Все это с необычной для него горячностью Герман Тимофеев говорил своей новой знакомой, Ларисе Петровне, студентке, присланной к ним в школу на двухмесячную практику. Правда, сидели они уже не в школьном классе и даже не в учительской, а в собственной комнате Германа Тимофеева, она на складном кресле-диване-кровати, а он против нее, верхом на стуле. Оба непрерывно курили сигареты из одной пачки, которую они тут же передавали друг другу вместе со спичками и пепельницей. В этом пере-давании выражалось так много дружеского и сближающего, что отказаться от курения было бы в данный момент для них равносильно крушению и полному разрыву. Поэтому они курили до одури.

На Ларисе Петровне было черное и совершенно прямое платье без всяких украшений и вырезов, за исключением, конечно, необходимых для рук и головы, та удивительная загадка моды, которая поначалу изумляет и смешит непривычного человека, и потом постепенно, в минуты сна или задумчивости вдруг заставляет вспомнить и через «вот ты! поди ж ты!» открывает новую неожиданную прелесть того, что оно, казалось бы, призвано скрывать. И хотя все, что оставалось на виду, снаружи, и особенно милое лицо с мягкими, увлажнявшими кончик сигареты губами, могло бы, наверное, взволновать и при любом другом платье, такой вариант сразу откидывался, нёт-нет! и пусть все обязательно останется как есть, нетронуто. Под защитой этой обязательной нетронутости они оба дружески разговаривали и курили, и Герман Тимофеев мог с увлечением рассказывать обо всех своих Педагогических открытиях, а Лариса Петровна могла бесстрашно его слушать.
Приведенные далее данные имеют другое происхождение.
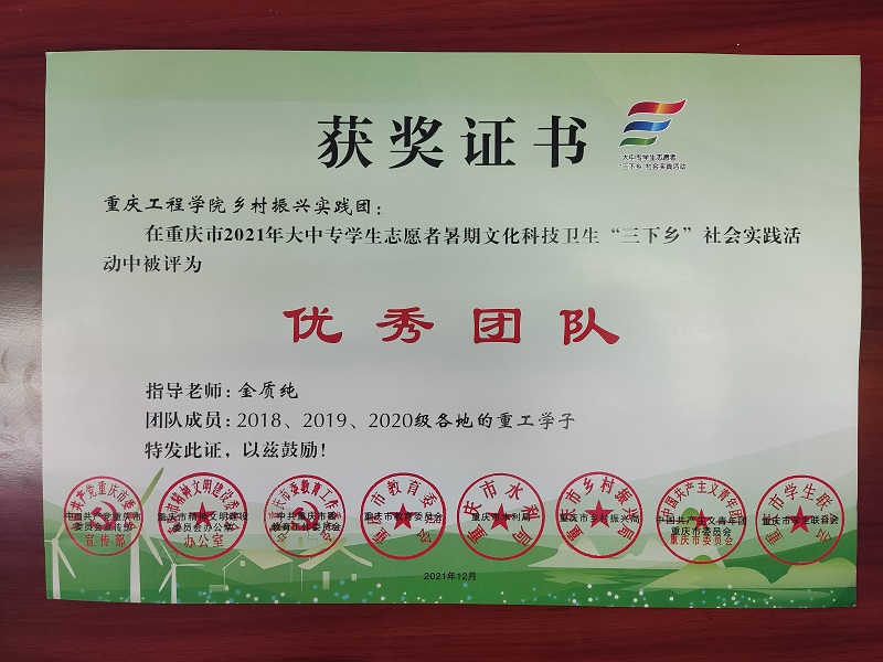 重庆工程学院乡村振兴实践团在重庆市2021年大学生暑期三下乡社会实践活动中被评为优秀团队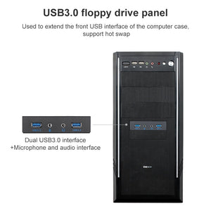 - Front Panel Integration: Convert the 20PIN interface and audio on the board into 2 USB 3.0 interfaces, headphone output, and microphone interface, conveniently installed in an idle floppy drive position to provide front USB and audio interfaces.
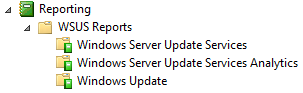 The WSUS server inventory task uses the WSUS API to access data on your upstream and downstream WSUS servers and populate the WSUS reports located at Administration and Reporting > Reporting > WSUS Reports.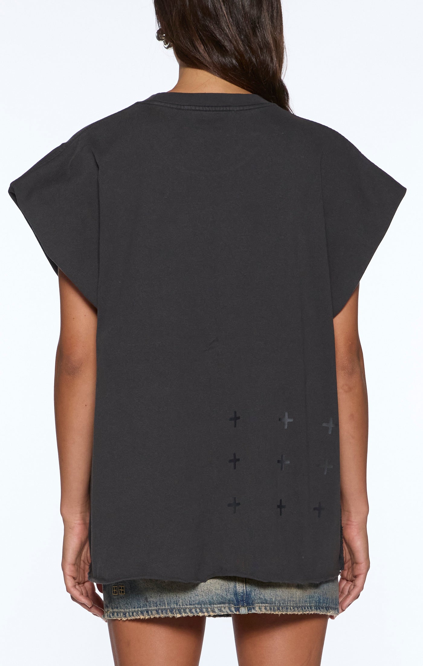 The Ksuper Tee is our boxiest and heaviest tee yet, crafted from premium (K)super heavyweight cotton jersey with a dry hand-feel in a 'Washed Black' colorway featuring a vintage, worn-in wash. Designed with a boxy silhouette, dropped shoulders, and cut-off cap sleeves, the heavyweight fabric creates a structured look at the shoulders. It's finished with an oxidized black Ksubi plaque and signature T-box embroidery.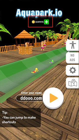 2、在Aquapark.io游戏中,玩家选择角色和其他玩家在水上滑梯上进行竞赛。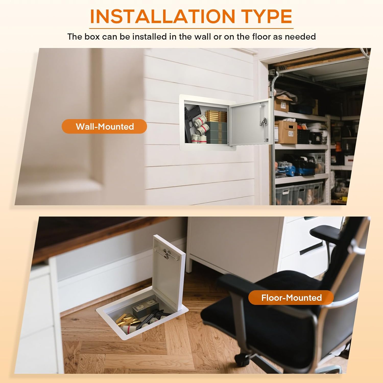 - CUSTOMIZABLE STORAGE & INSTALLATION OPTIONS:Our wall security box features a removable built-in shelf, allowing you to easily adjust between two levels of storage or a full-depth compartment. It offers flexible installation, either mounted on the wall or placed on the floor.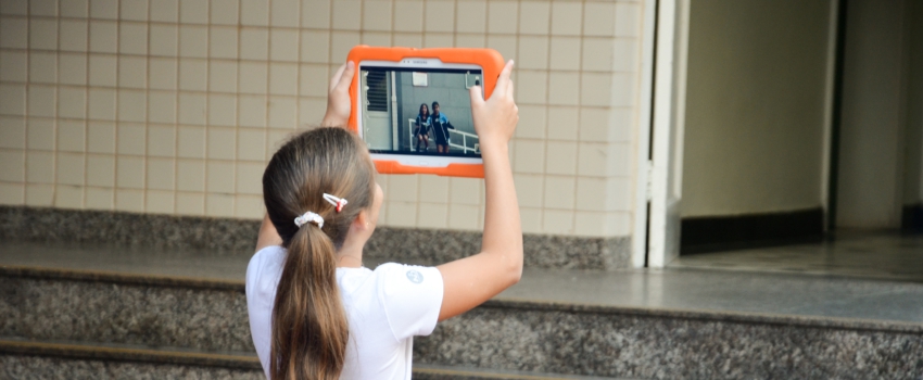 Nela, as crianças deveriam fotografar, utilizando tablets e a partir de diferentes pontos de vista, diversos objetos do ambiente escolar. Em seguida, deveriam criar uma apresentação de slides, por meio da qual poderiam visualizar as diferenças entre as imagens dos mesmos itens.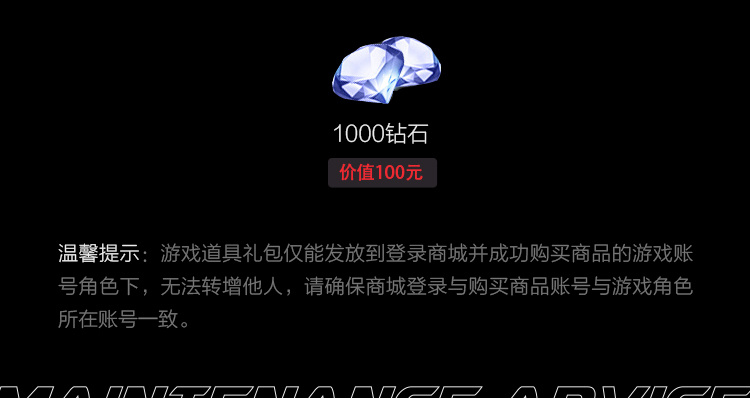 购买即赠1000 绑定钻石,虚拟道具属于特殊商品,暂不支持退货服务,敬请谅解。
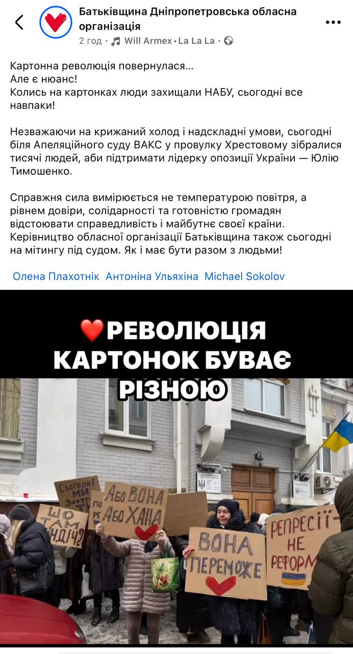 В описі до відео гордо написали, що тисячі людей підтримують Тимошенко, щоправда, навіть на опублікованих кадрах видно, що людей насправді прийшло дуже мало.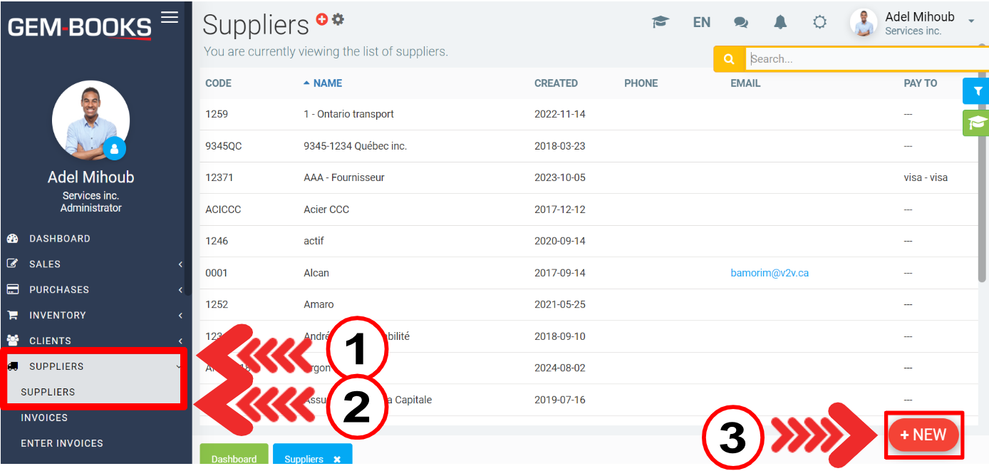 But if the supplier has not yet been registered, you need to click on the menu on the left.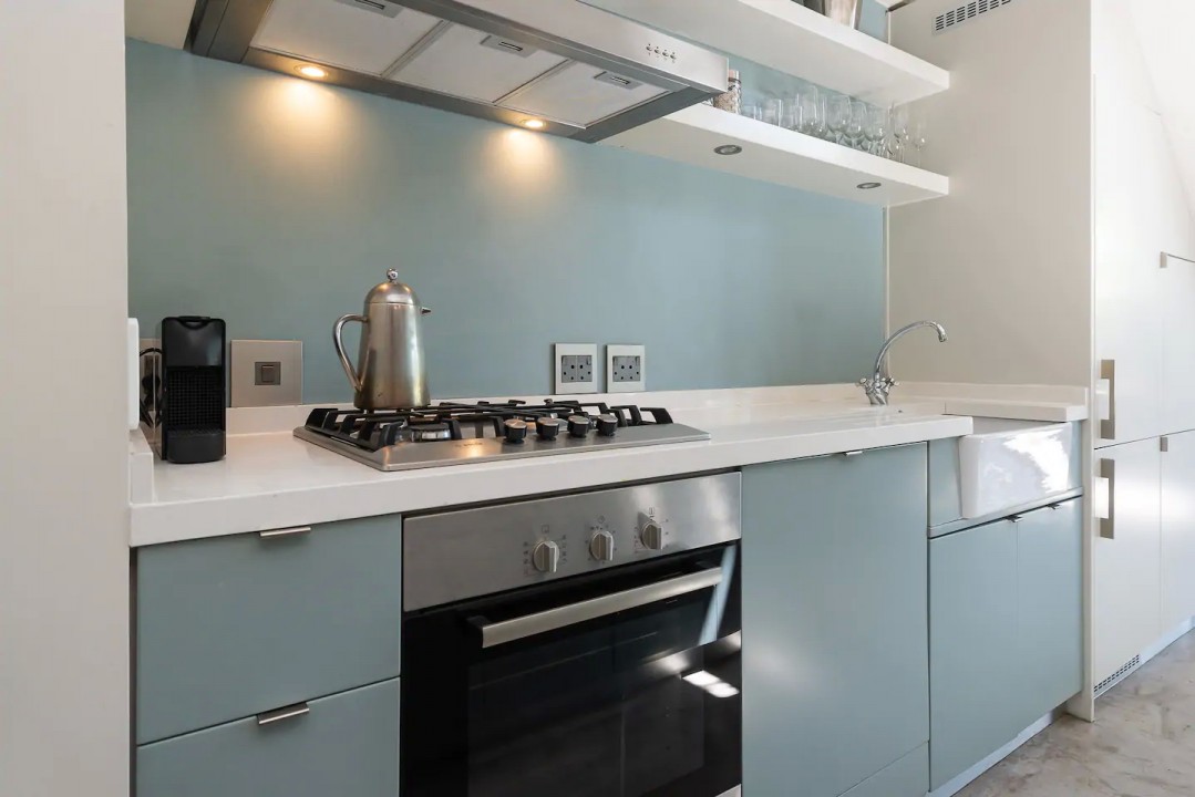 The ground floor welcomes you with its open-plan contemporary living space that includes a state of the art kitchen with gas stove, integrated appliances and ample cupboard space.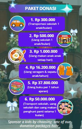 6. Rp 50.000.000,- (Transport sekolah, uang sekolah dan uang makan penghuni panti selama 1 bulan)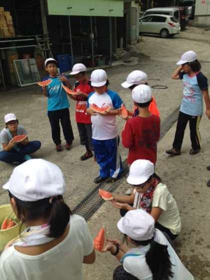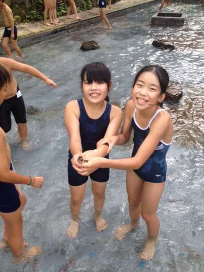 カレーを食べてからデザートのスイカを食べました。その次は魚つかみ!!素早い魚をどうにか捕まえることができたようです。そしてお待ちかねのウォータースライダー★子どもたちの楽しそうな声が聞こえてきそうですね♪魚もおいしかったかな?今日の夜はナイトハイク、星空いっぱい見れますように(^O^)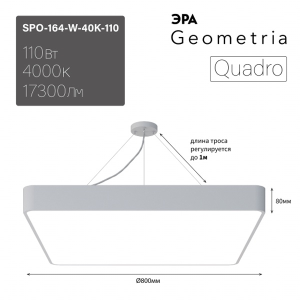 Осветительный LED прибор подвесного монтажа ERA Геометрия Квадро, квадратной формы, мощностью 110 Ватт, нейтральный белый свет, белого цвета Б0050588
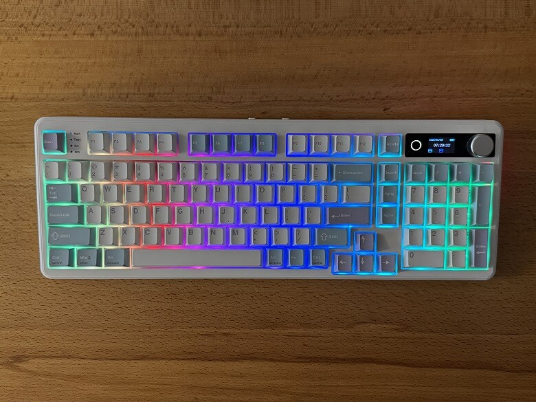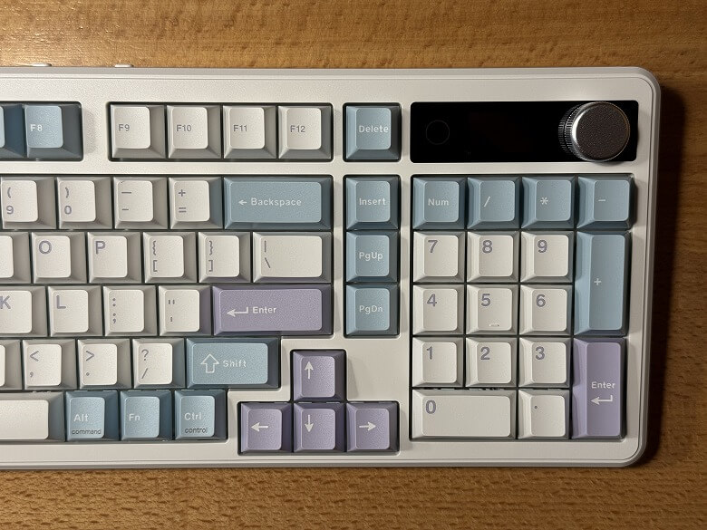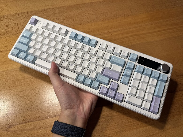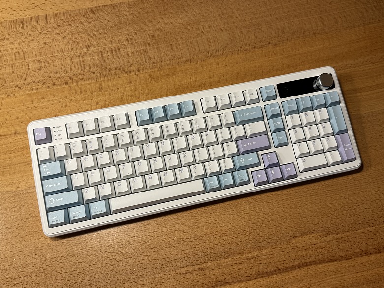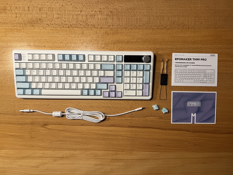 「Epomaker TH99 Pro」の外観は、白基調でアクセントカラーにブルーやパープルを採用したレポップなデザインです。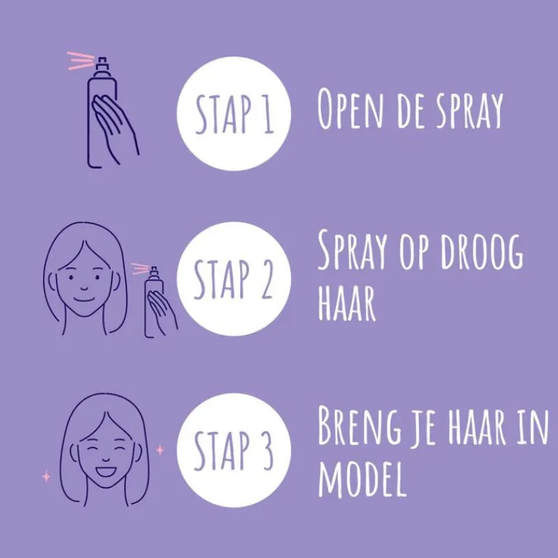 De fles goed schudden voor gebruik. Breng de droogshampoo aan op droog haar en spuit op ca. 20 cm afstand de droogshampoo op de haaraanzet. Laat de spray 2 minuten inwerken en borstel het uit of föhn je haar. Breng je haar vervolgens in model met je handen en creëer je eigen nonchalante look.Gebruik voor een optimaal resultaat ook de andere producten uit de Andrélon Verrassend Volume-lijn.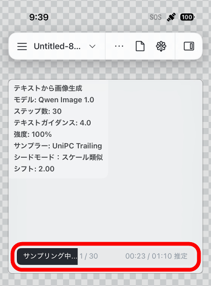 次の日にiPhone 16 Proを確認すると、モデルのダウンロードが完了して画像生成画面が表示されていました。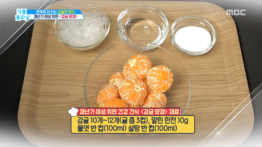 * 재료: 감귤 10~12개(귤 즙 3컵), 말린 한천 10g, 물엿 반 컵(100ml), 설탕 반 컵(100ml)
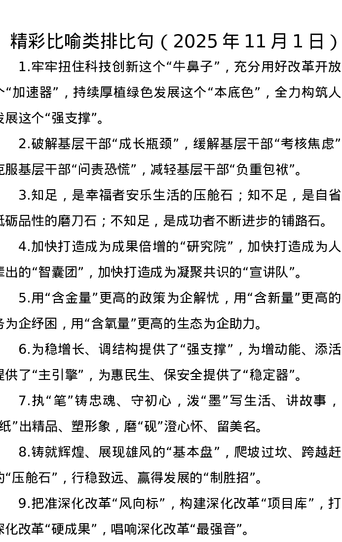 精彩比喻类排比句(2025年11月1日)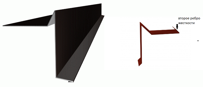 Данный продольный фрагмент в виде уголка требуется для различных прямоугольных элементов крыши: шахт вентиляции, дымовых труб, парапетов. Его длина равна 2 м. Параметры крыла бывают разными, но чаще это 250˟150 мм.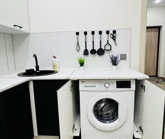 В маленьком санузле раковина, стиральная машина Wрirlpool, загрузка 7 кг, унитаз чаша Генуя (напольный), гигиенический душ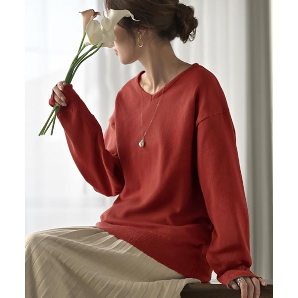 ニット カシミヤタッチ 選べる 3ネック レディース トップス ロング セーター オーバー プルオーバー 長袖 長い ボートネック Vネック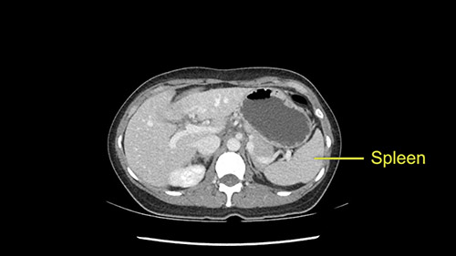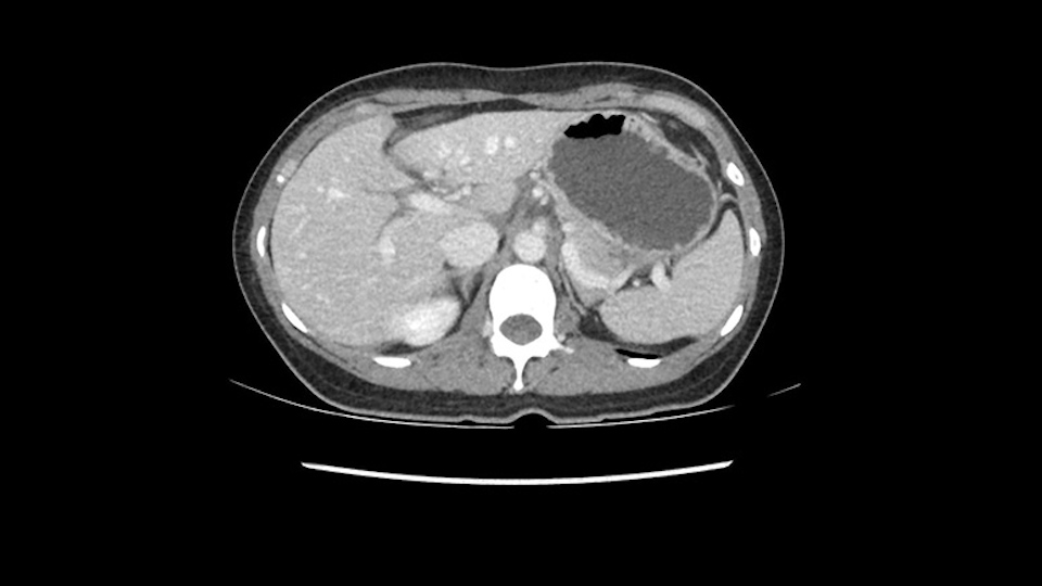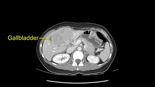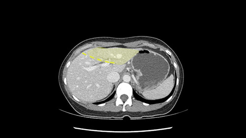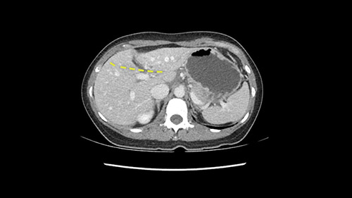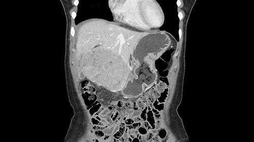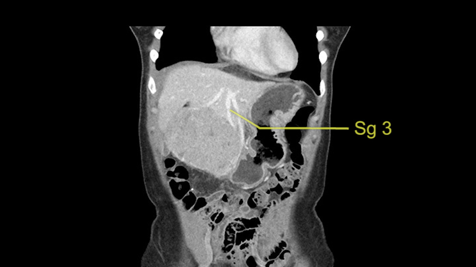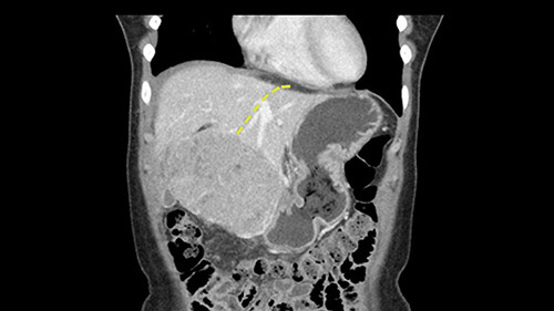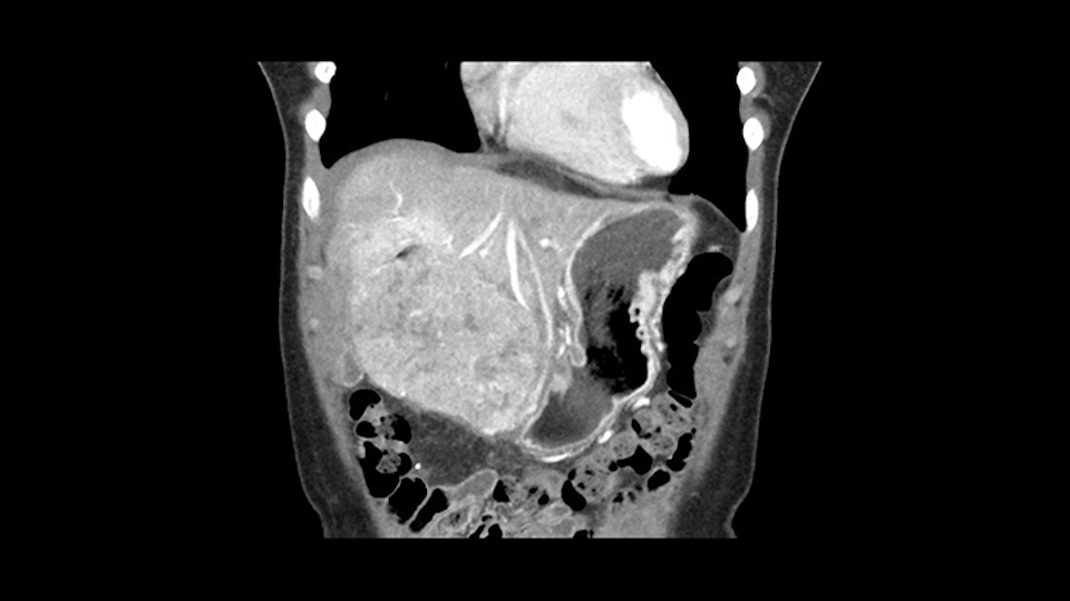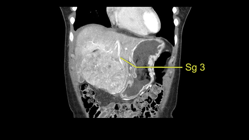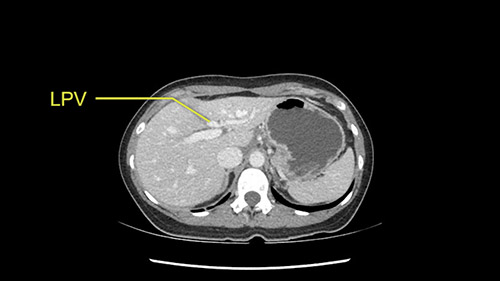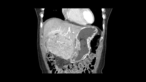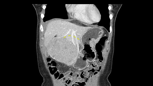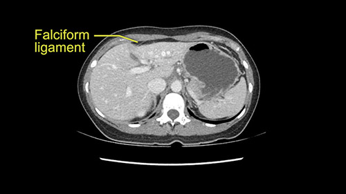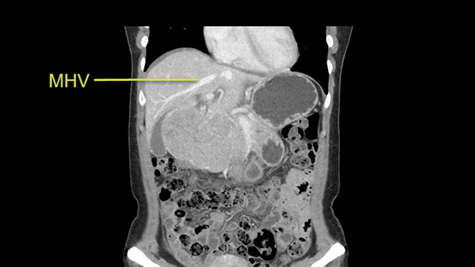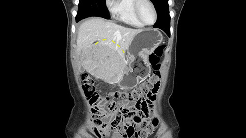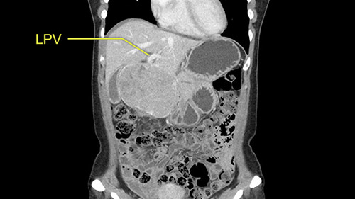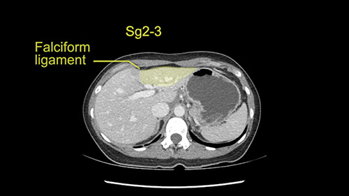 So if we look at the CT scan, on the axial, it’s a larger lesion. It’s about 6 or 7 or 8 centimeters. So it does look a bit threatening in terms of its resectability but if you really drill down deeply into the anatomy, and I think the coronal [imaging] is even better, you can see that the entire mass is on the patient’s left side of the falciform ligament. So it’s really only a left-sided tumor and not even really a left-sided tumor because Segment 4 is uninvolved anatomically.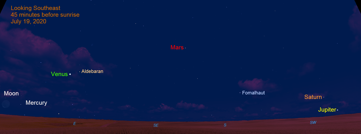 “在连续的早晨,每天提前3-4分钟看,”亨特建议。“在7月25日左右之前,你可能会在天空中捕捉到(‘五星连珠’)。”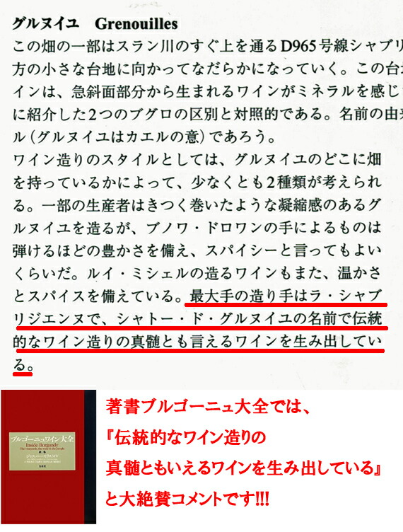 この特級シャブリ[シャトー・グルヌイユ]については、

— Может показаться, — говорил Герман Тимофеев, — что то постоянное упрощение, то есть заведомая ложь, которую мы обрушиваем на учеников в школе из страха остаться непонятыми, что эта ложь ничуть не ужасна, не страшна, не может изуродовать их души, потому что она и не ложь вовсе, а необходимый и временный отказ от сложности, и никто не закрывает им в дальнейшем самостоятельного пути к этой сложности, и ради бога — все будут только рады. Но это же игрушечные софизмы, это жалкое оправдание нашего бессилия, нелепая надежда, что можно прожить всю жизнь чуть-чуть беременной. Самая маленькая или очевидная ложь страшна, конечно, не тем, что она кого-то обманет и надолго ослепит — наоборот! Она страшна своей легкой опровержимостью, она как соблазн и приманка для неопытного и жадного мозга, она тоненькая, она манит попробовать на себе неокрепшую силу, и когда этот юный мозг кидается на нее, побеждает и видит, что она ложь, то здесь, посреди торжества самостоятельной победы, никакие уговоры не удержат его от убеждения на всю жизнь, что все, что наоборот этой лжи, то истина! И никогда вы не убедите его, что ложь вообще не может быть противоположна истине, что противоположна лжи может быть только другая ложь, а истине противоположно заблуждение.

Он протянул руку, и Лариса Петровна поспешно вложила в нее сигареты и спички, невольно выразив свое внимание к тому, что он говорил, и нетерпение слушать дальше. Она сидела, откинувшись назад, опираясь на отставленные руки и как бы повиснув на вздернутых плечах. Волосы ее были переброшены через голову на одну сторону, и это окончательно вгоняло человека в растерянность, заставляло метаться взглядом с одной половины ее лица на другую, сравнивать, разрываться на части в сомнениях, которая же из них лучше, то есть придавало ее лицу неуловимую и динамическую прелесть, недостижимую ни пышной, ни гладкой прической в отдельности.

В общем, что и говорить — нетронутость ее была бы под серьезной угрозой, зайди она просто так запросто в гости к кому-нибудь другому.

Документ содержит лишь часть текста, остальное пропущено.